Exosomal miRNA plays a key role in tumor angiogenesis [22]. Therefore, we used miRNA microarray analysis to explore the potential of exosomal miRNA in PABPC1-induced angiogenesis and identified miR-21-5p as the top candidate upregulated in exosomes from PABPC1-overexpressing cells, following comparison of exosomes from PABPC1-transfected cells and control cells (Fig. 6D and S8B, C). We initially confirmed that PABPC1 and IFI27 could mediate the expression of miR-21-5p in ESCC cells (Fig. 6E), and then we extracted exosomes from ESCC cells transfected with Cy3-labeled miR-21-5p mimics, and added the exosomes to HUVECs. Exosomal miR-21-5p could be taken by HUVECs and promote tube formation of HUVECs, indicating that ESCC cell-derived exosomal miR-21-5p could induce angiogenesis (Fig. 6F and S8D). Further investigation revealed that knockdown of PABPC1 decreased the level of miR-21-5p in ESCC cell-derived exosomes, as detected by qPCR (Fig. 6G). Additionally, knockdown of PABPC1 inhibited the process of exosomal miR-21-5p transfer from ESCC cells to HUVEC (Fig. 6H). To explore how PABPC1 mediated exosomal miR-21-5p, we analyzed the specific interaction between the miR-21-5p sequence and PABPC1 motifs (ACUGAUG) by using the database of RBP specificities (RBPDB, http://​rbpdb.​ccbr.​utoronto.​ca/​; threshold 0.6). MiRNA pull-down assays revealed that there was significant binding between miR-21-5p and PABPC1 in the cytoplasm and in exosomes. However, this binding could be impaired by mutating the binding sequence of miR-21-5p (Fig. 6I). Thus, we speculated that PABPC1 may mediate the process of miR-21-5p packaging into exosomes. RIP assays further demonstrated that miR-21-5p was more enriched in the PABPC1 antibody group than in the IgG group, both in ESCC cells and their exosomal lysates (Fig. 6J). Therefore, we demonstrated that PABPC1 could stimulate angiogenesis by mediating miR-21-5p expression and promoting exosomal miR-21-5p packaging for release and targeting of endothelial cells.
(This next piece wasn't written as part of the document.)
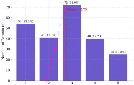Participants were asked whether their child received special education (SEN) services during the school day. In response to this question, 152 parents (65.5%) selected “yes”, confirming that their child received special education services at school, 65 (28%) responded no, and 15 (6.5%) were not sure (see Figure 2).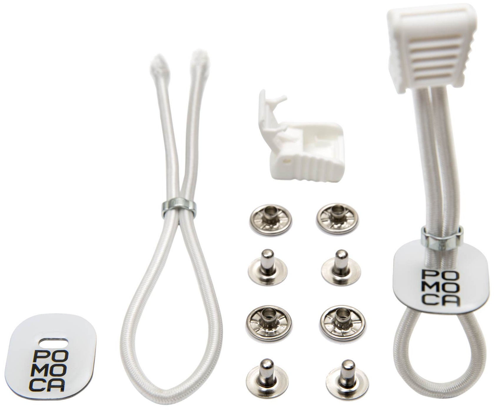 The Pomoca Top Fix RACE attachments consist of a highly elastic 3.5mm traction cord, an elliptical ring with excentric holes, and a plastic end cap. These weigh 9 grams per tip including two rivets and the adjustable plastic end grip (which is now white, not black as in the picture). If you don't like peeling climbing skins off your skis with your fingernails, consider adding some tip attachments. The price is for a pair that comes with installation instructions.

To analyze the mechanisms of regulated exosomes in controlling tumor angiogenesis, we performed RNA-seq to identify DEG profile and signaling pathways in HUVECs incubated with exosomes derived from PABPC1-overexpressing or control KYSE150 cells. KEGG and GO analyses of genes potentially regulated by exosomes revealed significant alternations in the cytokine-cytokine receptor signaling pathway (Fig. 7A). The top DEGs are shown in Fig. 7B. Numerous studies have shown that chemokine (C-X-C motif) ligand 10 (CXCL10), a target of miR-21-5p, is a key mediator in tumor angiostasis [23]. Western blotting and ELISA for CXCL10 showed a significant decrease in the expression of CXCL10 in HUVECs treated with exosomes derived from PABPC1-overexpressing cells (Fig. 7C, D). Bioinformatics predicted that CXCL10 was a putative direct miR-21-5p target. Using 3′ UTR luciferase reporter assays, we found that miR-21-5p overexpression inhibited luciferase activity in KYSE150 cells expressing wild-type CXCL10 3′ UTR reporters, whereas mutated miR-21-5p specifically abolished this suppression (Fig. 7E). Real-time PCR analysis revealed that a miR-21-5p mimic also inhibited CXCL10 expression in HUVEC cells, whereas a miR-21-5p inhibitor exhibited the opposite effect (Fig. 7F). Furthermore, the tube formation and cell migration of HUVECs treated with exosomal-miR-21-5p could be successfully halted by overexpressing CXCL10 (Fig. 7G).